--- START ---
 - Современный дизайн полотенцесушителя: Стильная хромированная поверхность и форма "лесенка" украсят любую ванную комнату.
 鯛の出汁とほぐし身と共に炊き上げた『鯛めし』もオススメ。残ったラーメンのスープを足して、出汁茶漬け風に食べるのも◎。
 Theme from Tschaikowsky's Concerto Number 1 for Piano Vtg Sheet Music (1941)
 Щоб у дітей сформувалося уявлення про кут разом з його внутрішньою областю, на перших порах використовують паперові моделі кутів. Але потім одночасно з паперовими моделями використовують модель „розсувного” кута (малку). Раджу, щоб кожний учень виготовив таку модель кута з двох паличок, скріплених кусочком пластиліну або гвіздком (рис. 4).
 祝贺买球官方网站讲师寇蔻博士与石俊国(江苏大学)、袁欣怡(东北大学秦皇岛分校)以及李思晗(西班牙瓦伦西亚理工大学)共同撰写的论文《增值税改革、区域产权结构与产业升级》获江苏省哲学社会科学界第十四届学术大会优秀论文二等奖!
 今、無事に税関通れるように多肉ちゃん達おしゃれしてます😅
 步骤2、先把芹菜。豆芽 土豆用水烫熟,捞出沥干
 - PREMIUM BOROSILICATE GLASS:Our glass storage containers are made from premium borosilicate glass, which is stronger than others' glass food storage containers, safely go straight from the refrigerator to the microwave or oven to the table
--- END ---
--- START ---
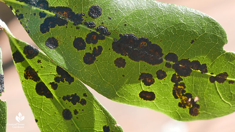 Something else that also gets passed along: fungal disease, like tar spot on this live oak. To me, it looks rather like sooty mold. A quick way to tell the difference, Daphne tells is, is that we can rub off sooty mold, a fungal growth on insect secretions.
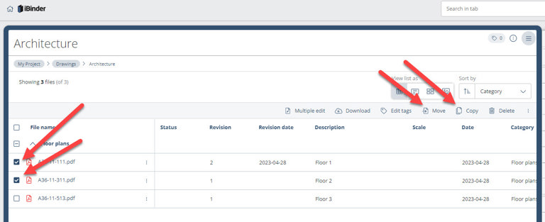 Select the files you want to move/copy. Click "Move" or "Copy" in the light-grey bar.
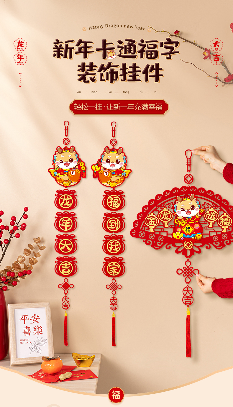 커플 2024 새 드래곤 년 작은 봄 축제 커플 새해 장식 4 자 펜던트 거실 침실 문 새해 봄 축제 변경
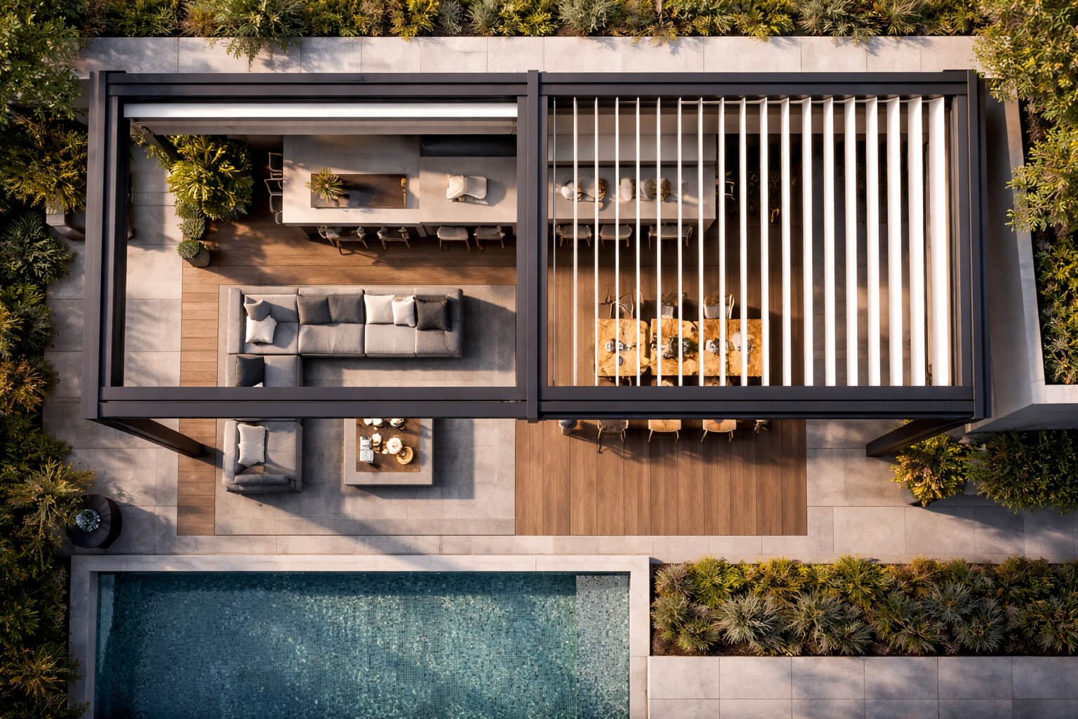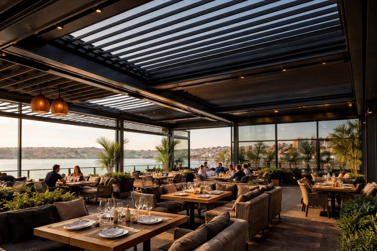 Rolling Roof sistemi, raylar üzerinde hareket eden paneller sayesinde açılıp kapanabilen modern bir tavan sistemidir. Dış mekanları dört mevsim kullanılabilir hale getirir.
--- END ---
• _How to complete this task_
Line count for the word "from": state how many lines of the listing hold it, and give only that number.

• _Written answer_
2